Ces études comparatives ont amené les chercheurs à considérer que les ressemblances entre des langues aussi différentes que le français, l’allemand, le russe, l’irlandais et même l’arménien, le persan et l’hindoustani (langues que l’on appellera plus tard langues indo-européennes) étaient trop nombreuses pour n’être dues qu’au hasard. Alors est née le concept de « famille de langues », i.e. ensemble de langues ayant une même origine.

Cette famille de langues indo-européennes (2) exigeait une langue mère, celle dont se seraient détachées, à des époques indéterminées, sous des influences diverses et inconnues, les langues filles, celles que les comparatistes avaient étudiées. On a alors donné à cette langue mère hypothétique, le nom de proto-indo-européen (i.e. l’indo-européen primitif).

Quelle filiation les chercheurs ont-ils pu établir entre ces différentes langues indo-européennes? Voici, présenté de façon succincte, ce qui fait consensus parmi les spécialistes.

 FAMILLE INDO-EUROPÉENNE

               Le proto-indo-européen a donné naissance à plusieurs langues indo-européennes. Il y a, entre autres, le germanique, l’hellénique, l’indo-iranien, l’italique, le slave.

Les deux langues  qui nous intéressent tout particulièrement sont l’italique et le germanique, pour des raisons qui seront bientôt évidentes.

ITALIQUE

La plus importante des langues italiques, c’est le latin. Son évolution a donné naissance à ce qu’il est convenu d’appeler les langues romanes.
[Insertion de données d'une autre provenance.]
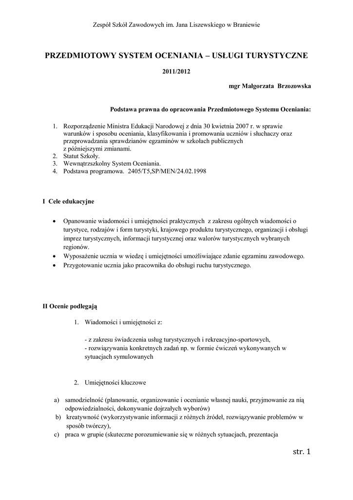 str. 1 PRZEDMIOTOWY SYSTEM OCENIANIA – USŁUGI
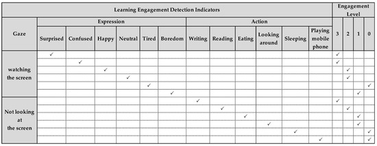 Considering the strong subjectivity in rating students’ engagement, different experts may have significant discrepancies in the engagement scores given to the same student behavior. Therefore, in light of the content above, we summarize the approach of evaluating students’ learning participation by rating the engagement level of students in online classrooms. We reference [35] and make four levels of engagement rating, from level 0 to level 4 in increasing order. When the classroom is empty, it is assumed that the student has no engagement. Other rating methods for engagement detection indicators are shown in Figure 10.
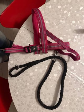 Pettorina per cani di taglia XL, con guinzaglio abbinato. - Pettorina imbottita per un maggiore comfort. - Guinzaglio intrecciato resistente. - Dettagli riflettenti per una maggiore visibilità. Era di una Labrador di 40 kg, misura grande, si infila dalla testa e si aggancia sotto al busto, regolabile. Utilizzata per molto tempo ma non presenta particolari difetti se non estetici. Compreso guinzaglio di grande spessore. Colore rosa scuro, guinzaglio nero.
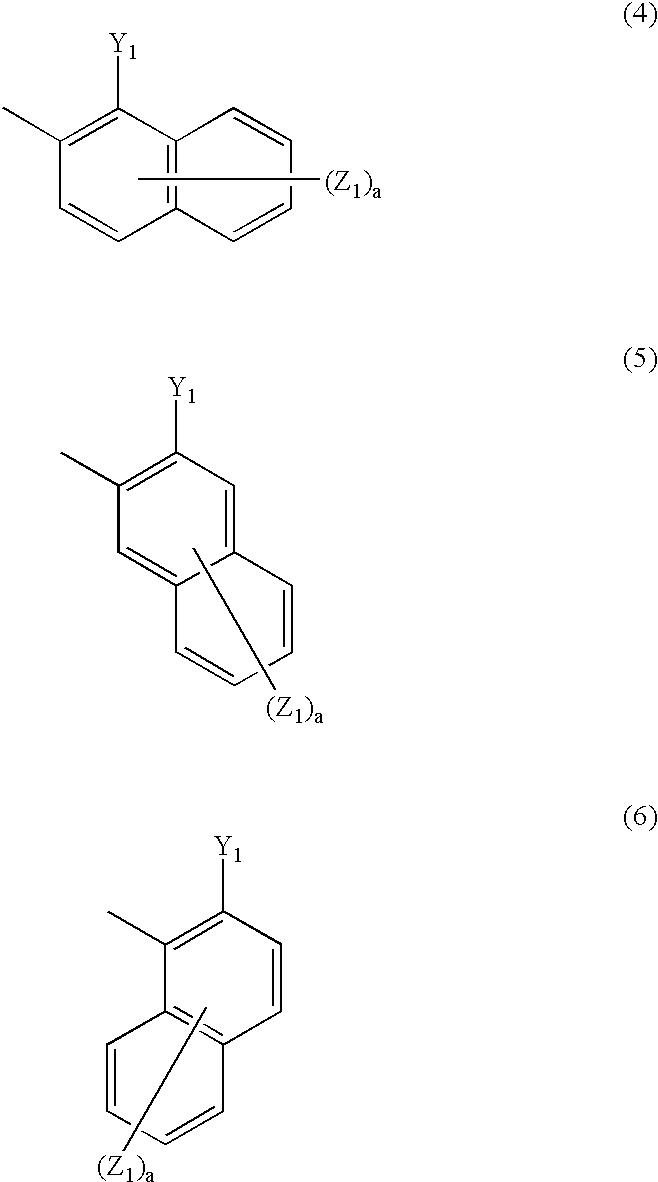 1 represents naphthyl group represented by any one of the following general formulae (4) to (6):
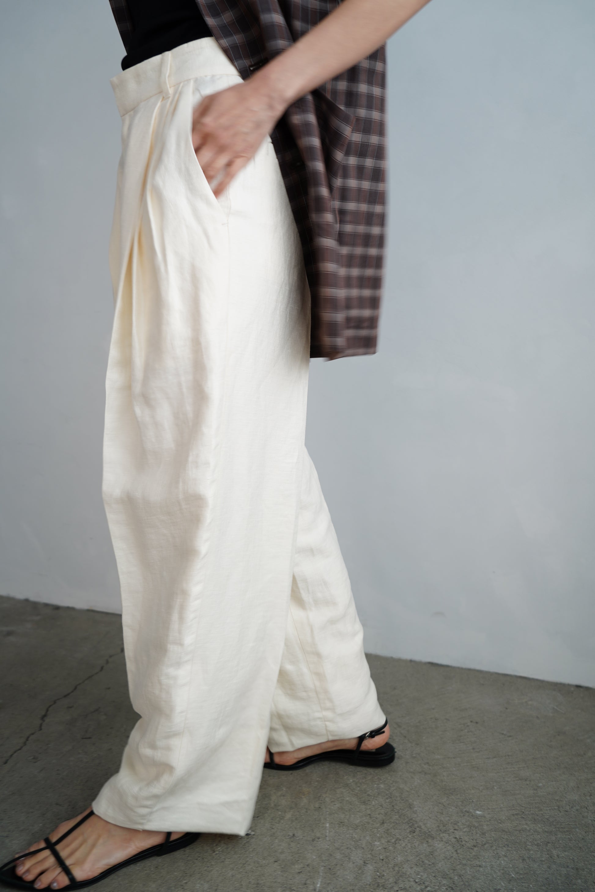 シルクのような光沢を持つヴィスコースと、リネンのナチュラルな表情を掛け合わせた特別な素材で製作したパンツです。
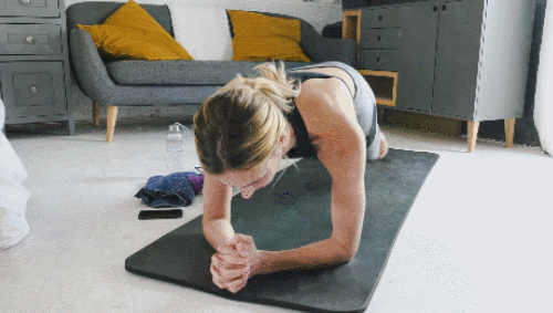 팔뚝을 대고 엎드려서 엉덩이를 공중으로 띄웁니다. 팔꿈치 플랭크 자세를 만드세요. 몸을 최대한 곧게 편 상태에서 버티면 되는데요. 1분을 목표로 진행합니다. 점차 시간을 늘리면서 운동하세요.
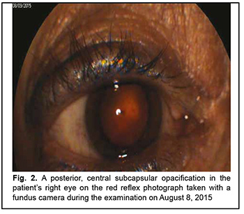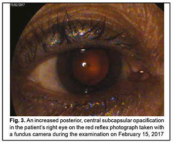 Thereafter, a rather fast progression of opacity was observed. Immediately after examination performed on February 15, 2017 (Fig. 3), because of progression of central subcapsular opacity in the right eye, the patient was recommended to have surgery.
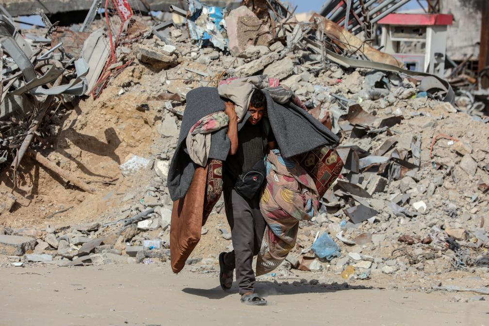 جباليا 20 مايو 2025 (شينخوا) في الصورة الملتقطة يوم 19 مايو 2025، فلسطيني يحمل أمتعته ويفر من بلدتي بيت لاهيا وجباليا شمالي قطاع غزة إلى وسط وغربي مدينة غزة بعد أوامر نزوح إسرائيلية، في منطقة جباليا، قطاع غزة.
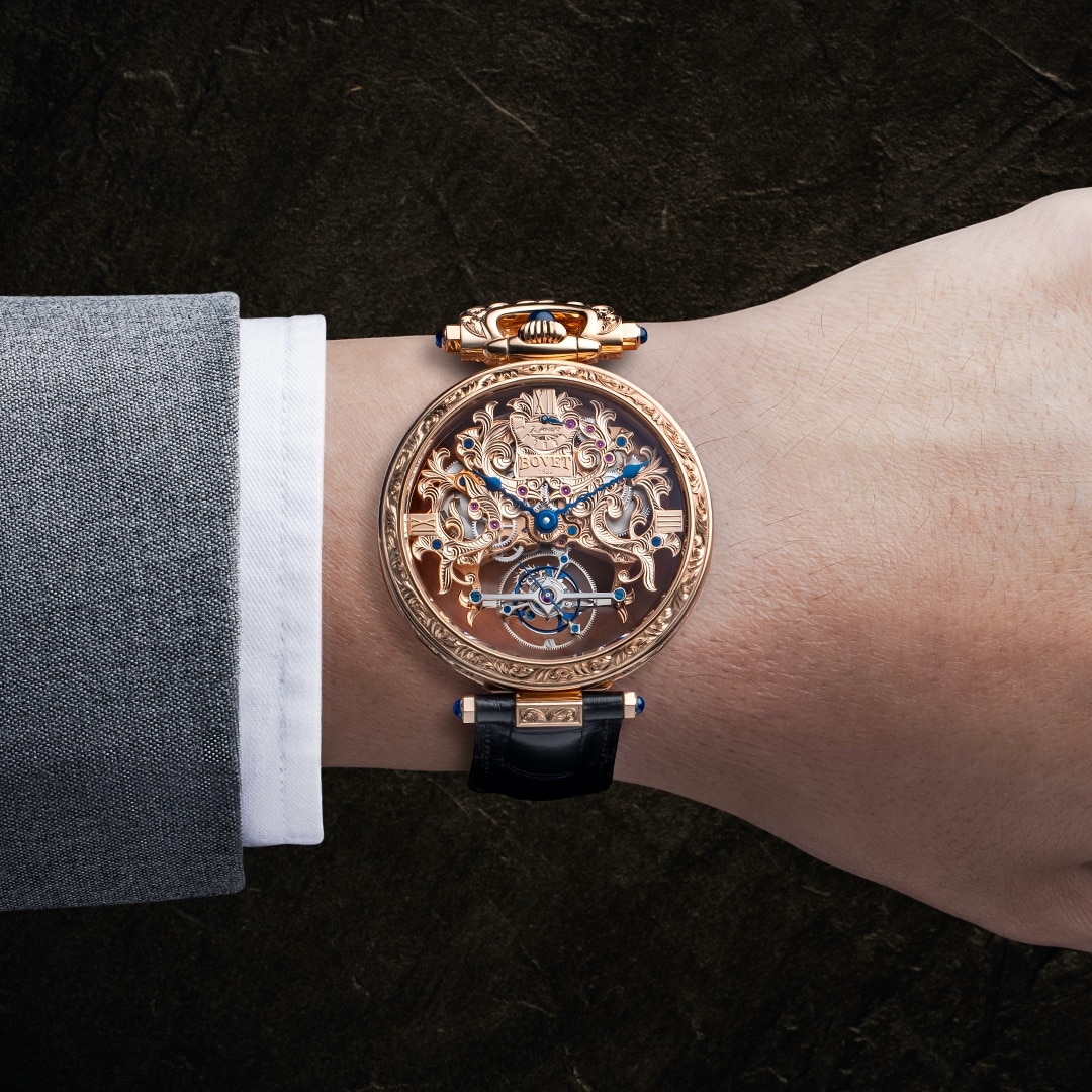 En la caja de 45 mm en oro, la pieza presenta arquitectura esqueletada. Esto permite al usuario admirar de forma ininterrumpida el talento relojero de la marca. Adicionalmente, gracias al sistema patentado “Amadéo”, la pieza se puede utilizar de cuatro maneras distintas: como reloj de pulso, de mesa, de cadena y de bolsillo. Una obra de arte por cualquier lado que se mire, es una pieza única que explota los talentos de la Maison en relojería y artesanía.

Parmi ces dernières, on compte l’italien, l’espagnol, le portugais, le roumain et le français.

               Les spécialistes distinguent différentes étapes dans cette évolution : gallo-roman → roman → ancien français → moyen français  → français classique →français moderne. (Voir  https://rouleaum.wordpress.com/2013/09/27/le-francais-langue-vivante-1-de-4)

GERMANIQUE

On distingue 3 branches de langues germaniques : la nordique, l’orientale et l’occidentale. Chacune d’elles a donné naissance à des langues distinctes, dont certaines sont aujourd’hui disparues :

  • La branche nordique : islandais, norvégien, féroïen, danois, suédois…
  • La branche orientale : gotique, vandale…
  • La branche occidentale : longobard, francique, bas-allemand, haut-allemand et anglais.

Je l’ai déjà mentionné, les deux langues qui m’intéressent sont l’anglais et le français. Deux langues qui sont distinctes tout en étant parentes. Comme l’a si bien dit Henriette Walter :

En réalité, les langues anglaise et française s’étaient déjà rencontrées, si l’on peut dire, avant même leur naissance, puisque leurs origines lointaines étaient communes : toutes deux appartiennent à la grande famille indo-européenne.  (Honni soit qui mal y pense. L’incroyable histoire d’amour entre l’anglais et le français, Robert Laffont, 2001, p. 15)

Mais ces deux langues, bien qu’initialement apparentées, ont subi au cours des siècles tellement de modifications qu’elles sont devenues des langues distinctes. C’est la raison pour laquelle le français (qui vient de l’italique) se rapproche plus des langues romanes que de l’anglais. Et l’anglais (qui vient du germanique) se rapproche plus de l’allemand que du français.

Nous verrons bientôt la portée de cette différence de filiation.

 MAURICE ROULEAU

 (1)    « Le mot qui désigne le cœur permet de constater qu’au /k/ du grec, du latin et des langues celtiques correspond un /h/ dans les langues germaniques et en sanskrit, et un /s/ dans les langues slaves. »

(2)    Pour en savoir plus sur le sujet, consulter l’ouvrage d’Antoine Meillet, Introduction à l’étude comparative des langues indo-européennes, (Hachette, Paris, 1903, 434 p.). Il y décrit les concordances observées entre les diverses langues indo-européennes et présente les conclusions qu’on peut en tirer.